Fingerprinting, a two-step process, utilizes paper electrophoresis and paper chromatography.
It produces splotches on paper at various locations; each mark corresponds to a peptide
residue (two or more linked amino acids). By comparing the fingerprints of sickle
cell and normal hemoglobin, Ingram found that one spot differed between the two fingerprints
and concluded that normal and sickle cell hemoglobin have a small difference in their
amino acid sequences.
Less than one year later, Ingram conclusively showed that normal and sickle cell hemoglobin
differ by one amino acid. Accordingly, he stated that normal hemoglobin has a glutamic
acid in the fourth peptide chain whereas sickle cell hemoglobin has a valine at the
same location. The substitution of glutamic acid with valine accounts for the difference
in charges on the two types of hemoglobin, and for the observed electrophoretic difference.
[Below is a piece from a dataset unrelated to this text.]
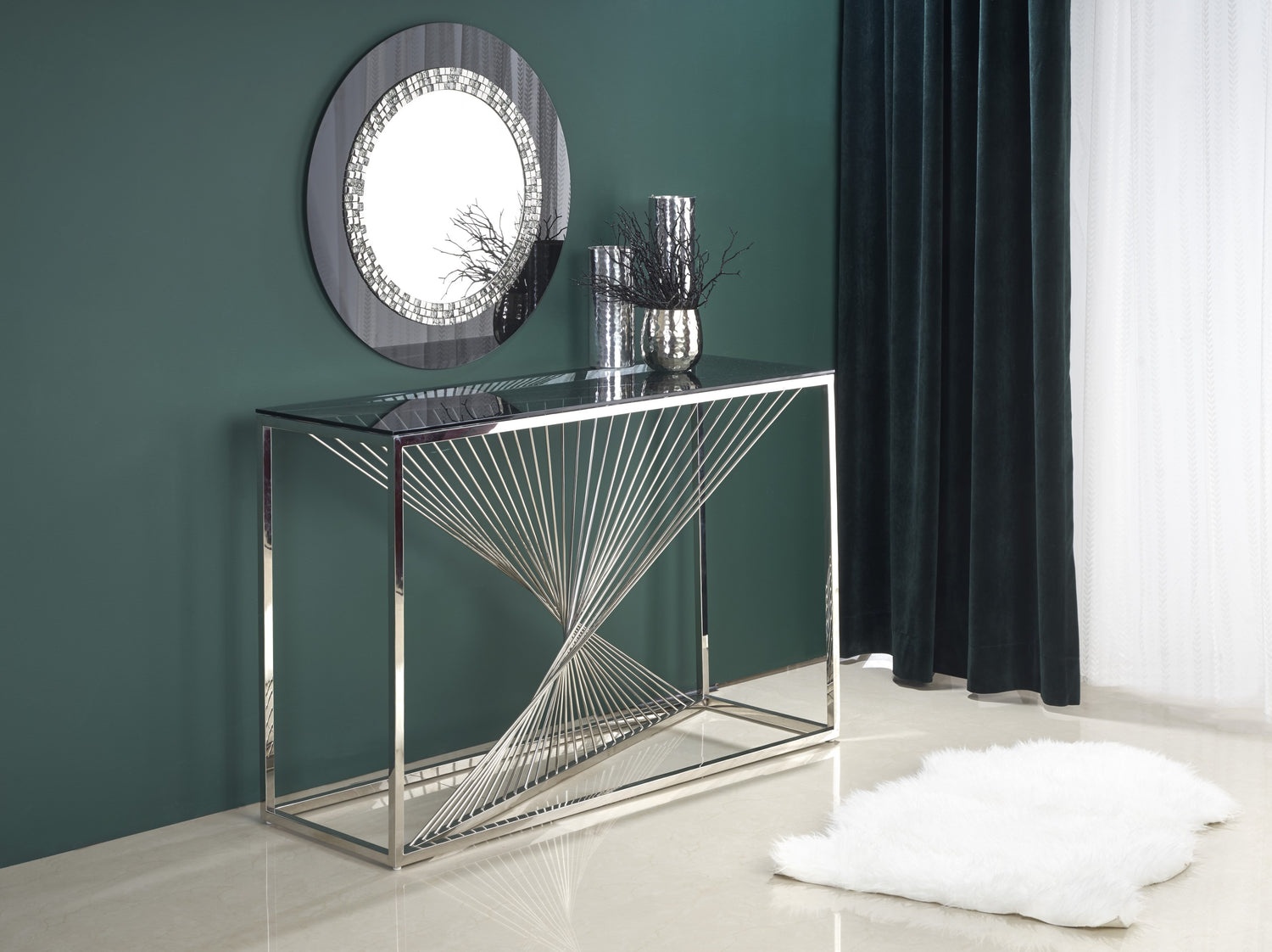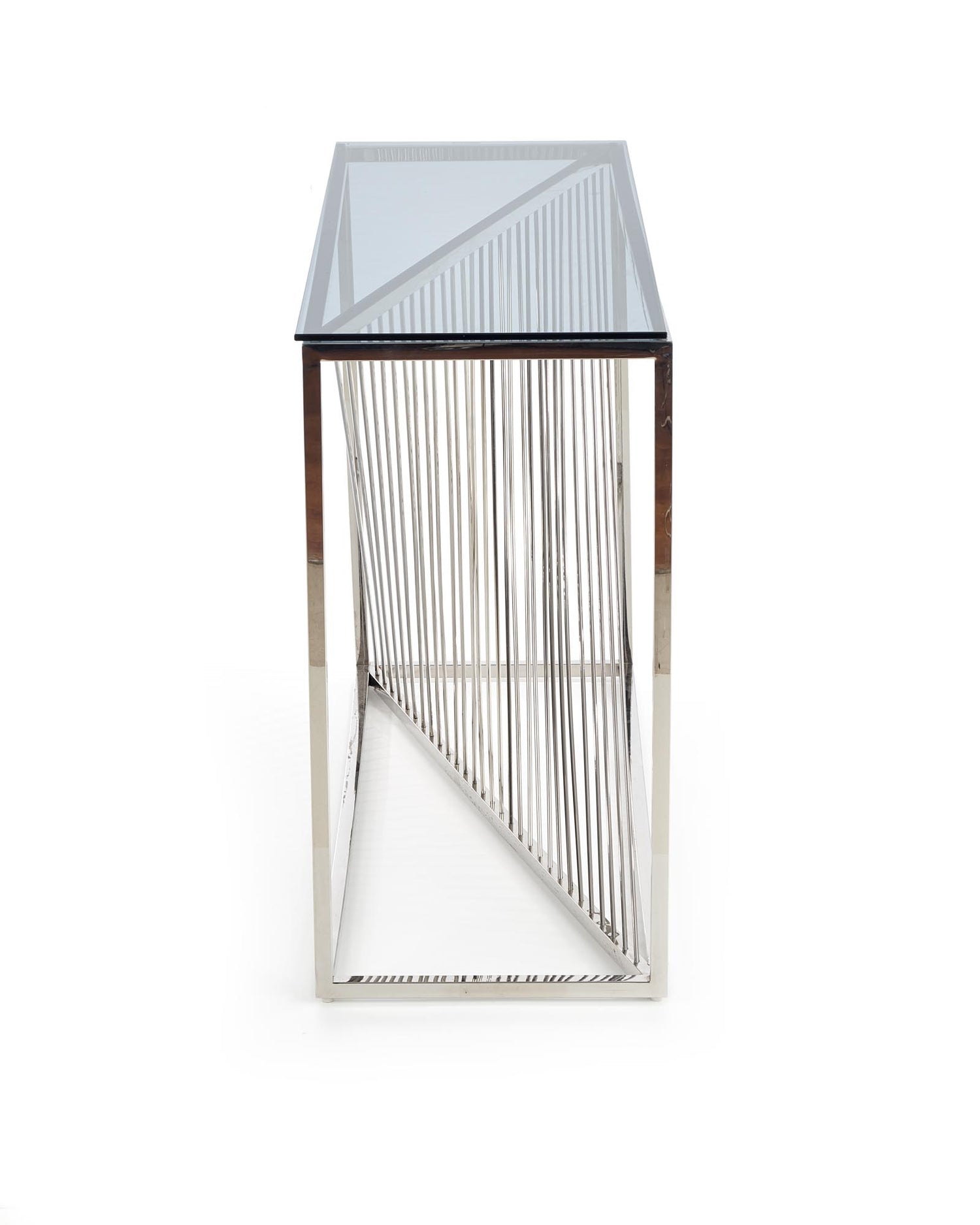 matmenys: 120/40/76 cm, medžiaga: stiklas / chromo plienas, spalva: rūkytas / sidabras

Ingram acknowledged the importance of the work accomplished by Pauling and his colleagues
in 1949: "We owe to Pauling and his collaborators the realization that sickle cell
anaemia is an example of an inherited 'molecular disease' and that it is due to an
alteration in the structure of a large protein molecule, an alteration leading to
a protein which is by all criteria still a haemoglobin. It is now clear that, per
half-molecule of haemoglobin, this change consists in a replacement of only one of
nearly 300 amino-acids, namely, glutamic acid, by another valine – a very small change
indeed."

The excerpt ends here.